WNDB President Ellen Oh
Ellen Oh, President and CEO of WNDB, spoke briefly about the award and the gorgeous setting for the ceremony, noting, “We walk in the footsteps of giants, many of whom are in this room.” Author Jon Scieszka, the first-ever National Ambassador for Young People’s Literature, spoke about his memories of Walter Dean Myers, noting: "Walter could do the talk, if he had to, but he was really a doer." He then turned the program over to host Christopher Myers, the award namesake’s son and a multi award-winning author/illustrator himself, who spoke about the various fights involved in creating children's literature that reflects our world.  "We are fighters here, and this is where the fight happens: In an exchange of ideas," said Myers.

Walter Honor recipient Margarita Engle
In her acceptance speech, Margarita Engle said, “Being misunderstood is a writer’s greatest nightmare. And to be understood is a dream.” After reading a poem from Enchanted Air, Engle spoke about the historically tense relationship between the US and Cuba, noting, “When I was a student, it was easier for a US citizen to walk on the moon than to visit Cuba... I hope [Enchanted Air] will not just speak to Latinos... but also to readers from other backgrounds who might feel like a bridge or a storm for any reason.”

Walter Honor recipient Ilyasah Shabazz
Kekla Magoon shared a question that she and Ilyasah Shabazz have frequently been asked: With The Autobiography of Malcolm X being widely read, why do we need a book about the first 14 years of the Civil Rights activist’s life?
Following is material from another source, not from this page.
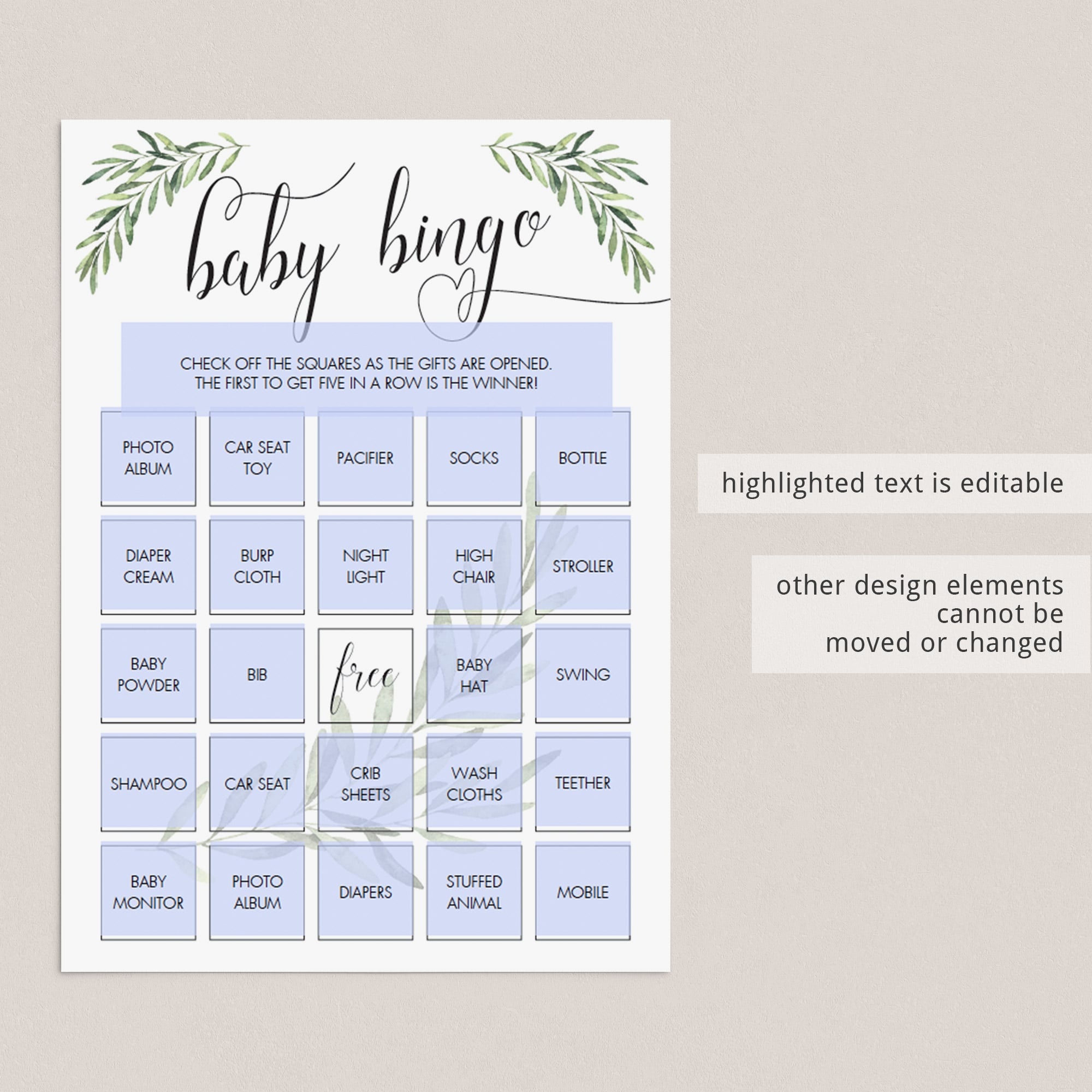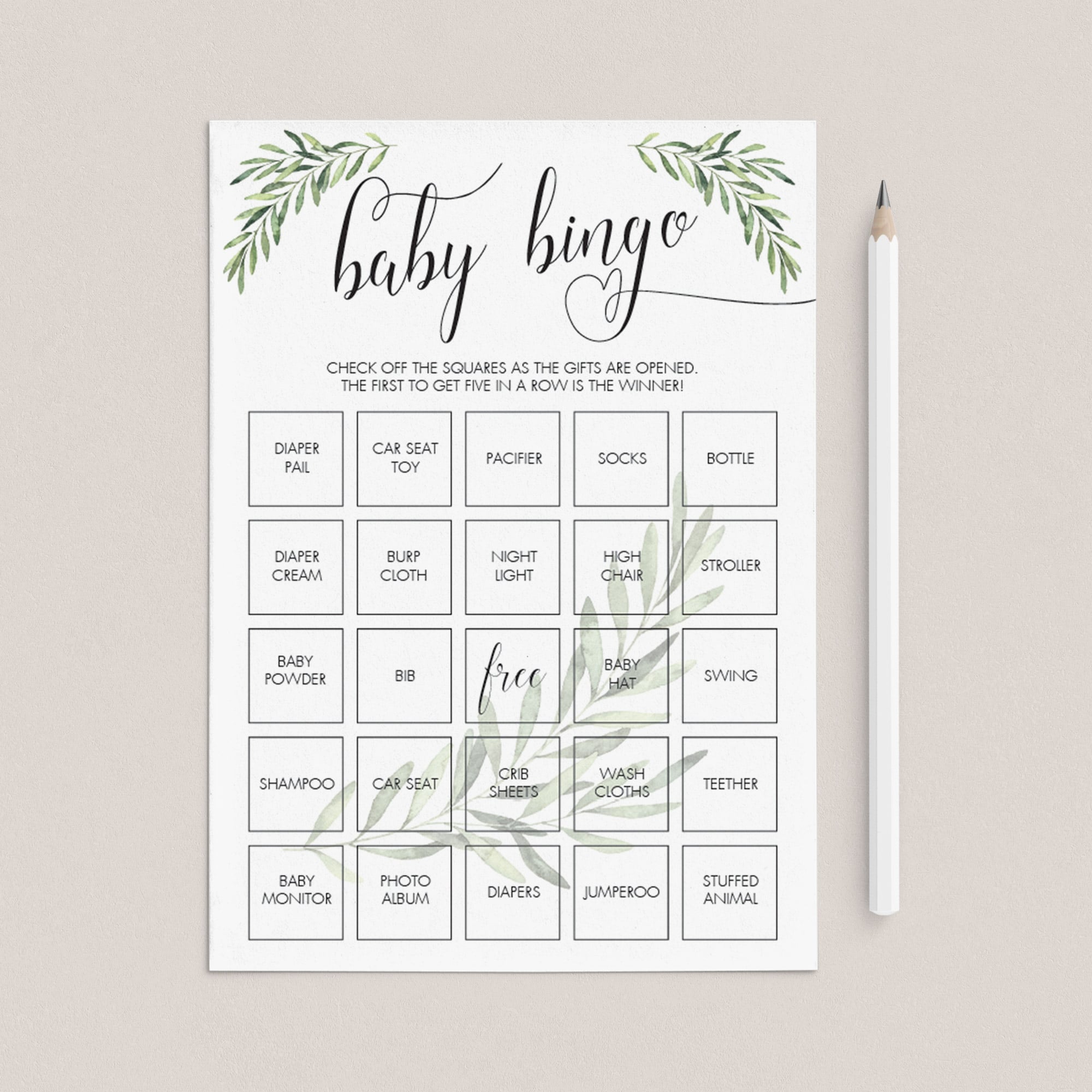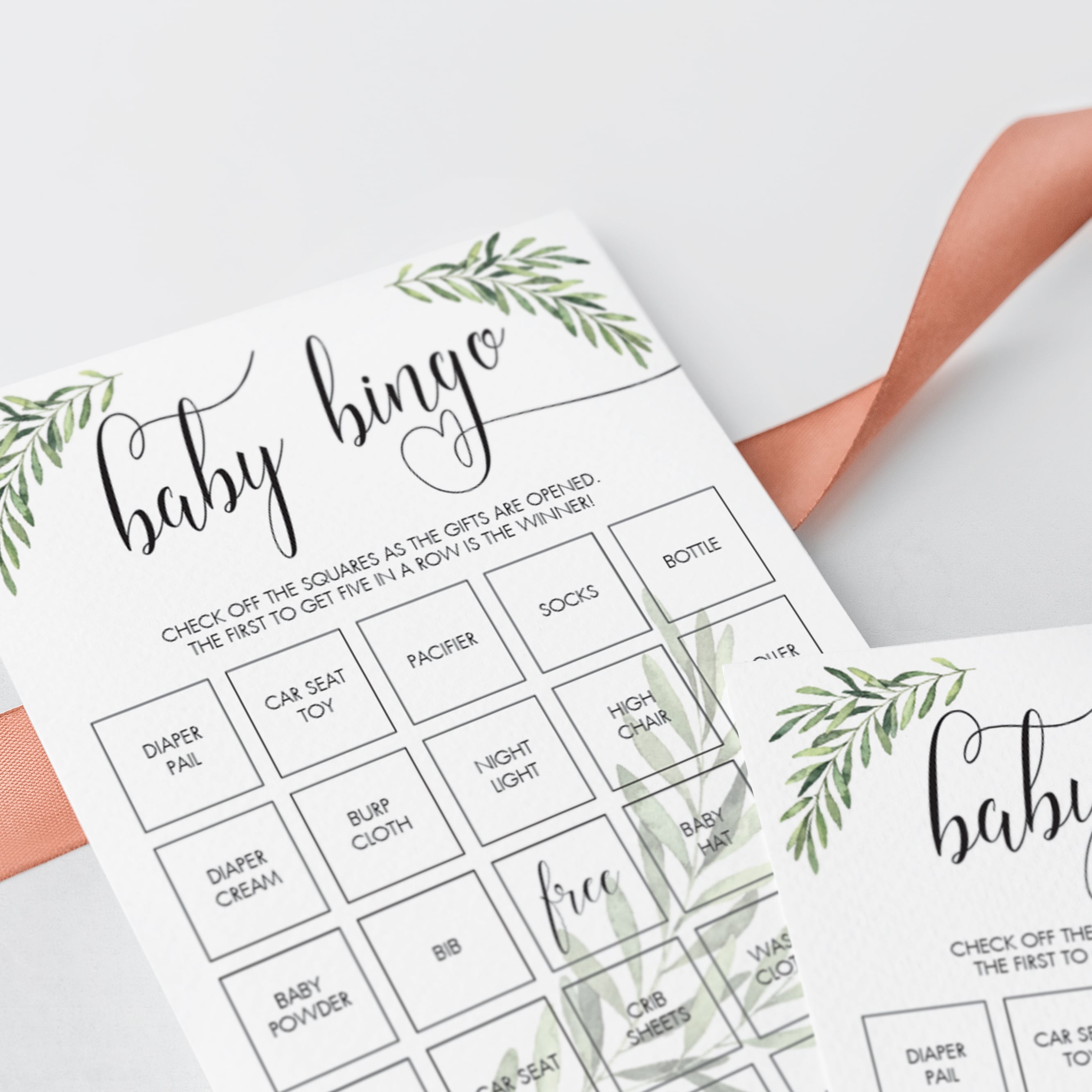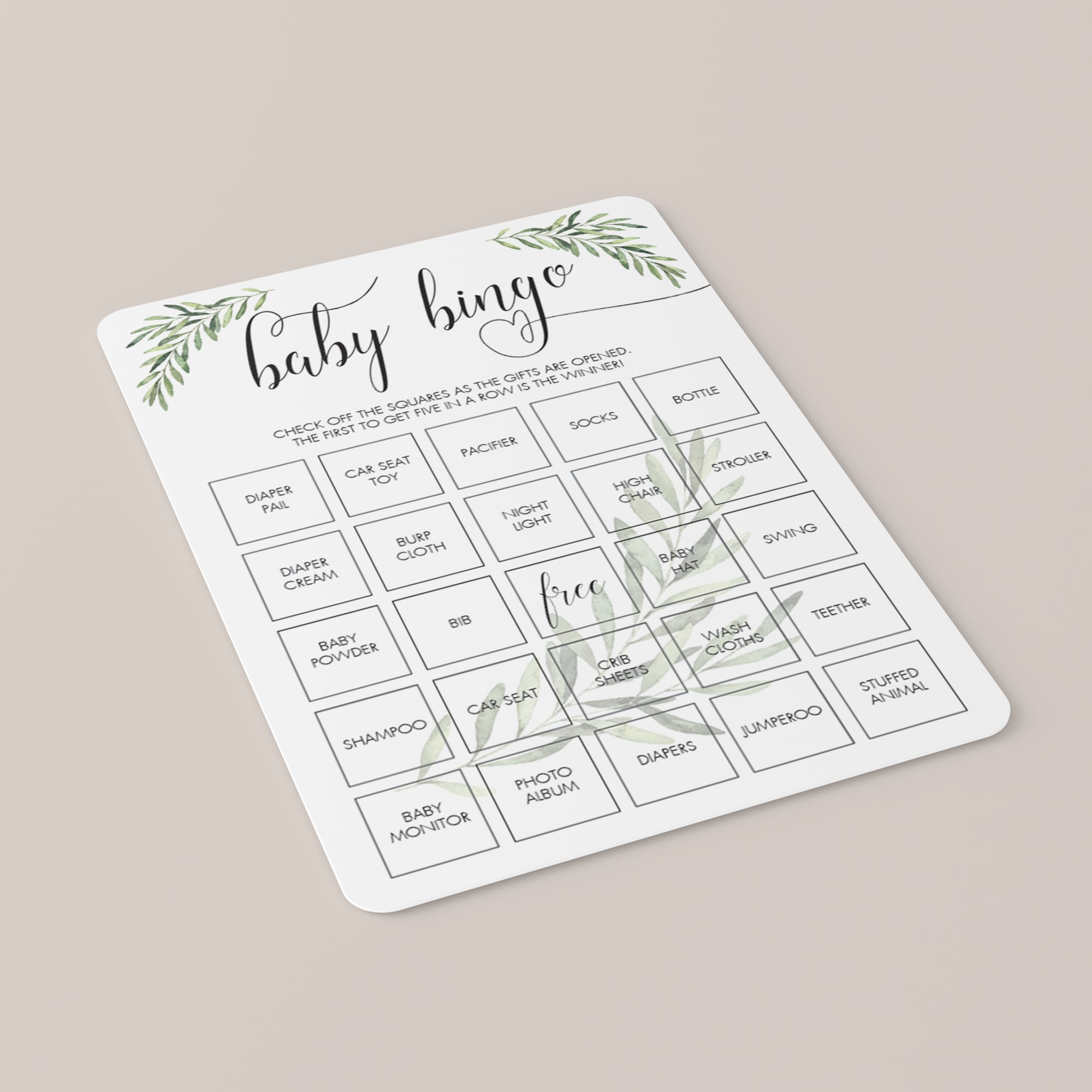 Hand out the greenery baby bingo cards to your guests and let them check off the squares as the gifts are being opened by the bride-to-be. The first to get five in a row is the winner!

As Magoon said, even when things are bad, young people have the power to make a change in their lives, a capacity that Malcolm X exemplifies. As Magoon and Shabazz were set to receive their awards, Shabazz returned to the microphone and delivered one of the day’s most powerful statements, directed at adults who work with children: “When young people are in pain, they don’t always make the best decisions. That’s what happened to my father and that’s why we need adults to see the beauty in, and invest in, our kids.”
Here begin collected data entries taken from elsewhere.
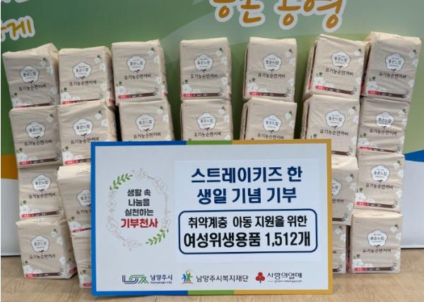 [한국뉴스타임=편집국] 남양주시는 16일 남양주시복지재단이 스트레이키즈 멤버 ‘한’의 팬으로부터 여성용품 1,512개를 기부받았다고 밝혔다. 이번 기부는 ‘한’의 생일(9월 14일)을 기념해 추진됐다.
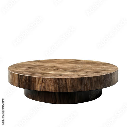 A brown rectangular wooden cutting board sits on a light colored wooden table, isolated on white background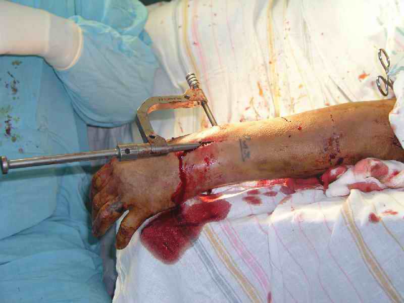 Yes, the radius. The set includes cannulated reamers 4 and 5 mm. Though finally our custom-made 5 mm hybrid of reamer and awl was used.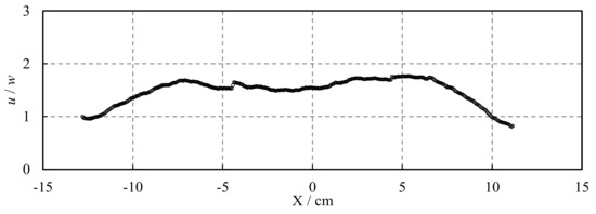 Usually, u was always smaller than w by the vertical oscillating grid in previous studies, and a ratio of u/w being 0.8–0.9 was obtained. Comparatively, the advantage of this study is that a relatively stable ratio of u/w being 1.5–2.0 in the core region (−4 cm < X < 4 cm) is obtained as shown in Figure 8, which agrees with those measured in open-channel flows [42]. The result indicates that the turbulent intensity level in the oscillating direction is always bigger than that in other directions, and the horizontal oscillating grid may be more appropriate when studying the fundamental turbulent mechanisms in open-channel flows.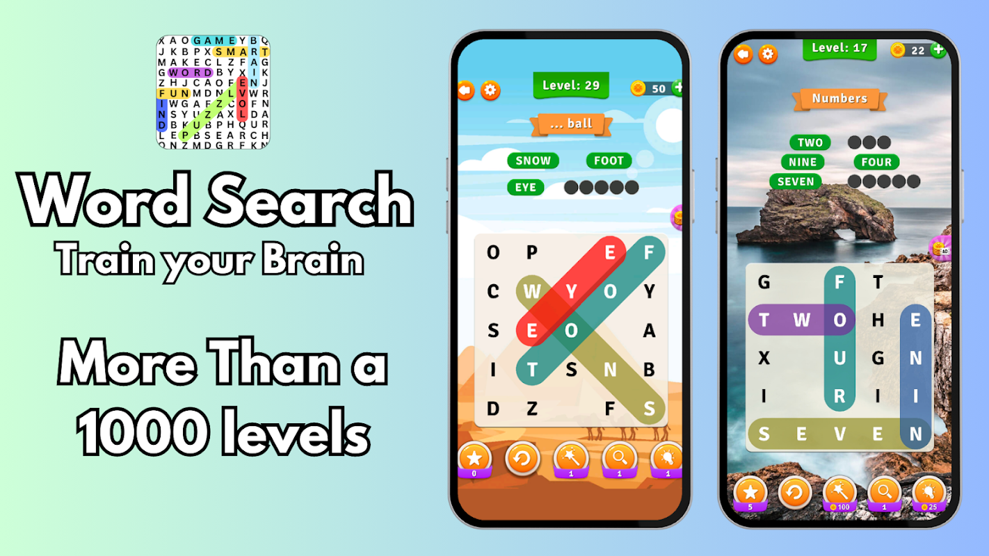 لعبة لغز البحث عن الكلمات! - ربط الحروف في أي اتجاه لتكوين الكلمات المخفية! مع أكثر من 1000 مستوى، قم بتدريب عقلك، واستمتع بألغاز الكلمات المريحة والجميلة.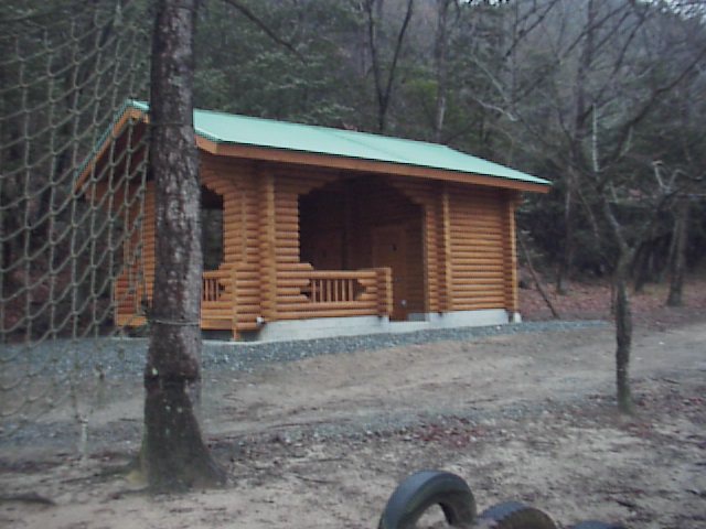神部小学校の裏山(きびたふじ)から、となりの河内小学校につながる里山 (出愛の里山)ができました。 校区のお父さん、お母さん方が協力して作ってくださった里山林道を大切に守りたいです。 入り口にあるログハウス 炭焼き施設もあるよ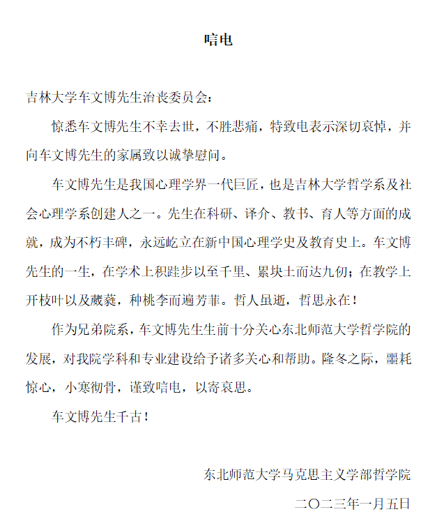 东北师范大学马克思主义学部哲学院唁电

In his acceptance, Brendan Kiely called for change, both in the world of children's literature and in the larger world.  "This is one of the most dangerously powerful aspects of privilege--the privilege to look away, to choose NOT to engage.  Just as the statistics clearly expose the injustice in the world of law enforcement, the numbers are starkly apparent in book publishing, too.  We need a more diverse workforce, a more diverse array of book reviewers and books reviewed, and a much larger pool of diverse authors getting published regularly."

Jason Reynolds added, "We need stories that appeal to the diversity inside us.  I am not a monolith."

Walter Award winners Brendan Kiely and
Jason Reynolds read Bad Boy by Walter Dean Myers.
"The most exciting thing about The Walter Awards," said Chris Myers, "is that we get to define what is is we're looking for.  It's nice to define our own standards, to have a hand in creating our own Canon."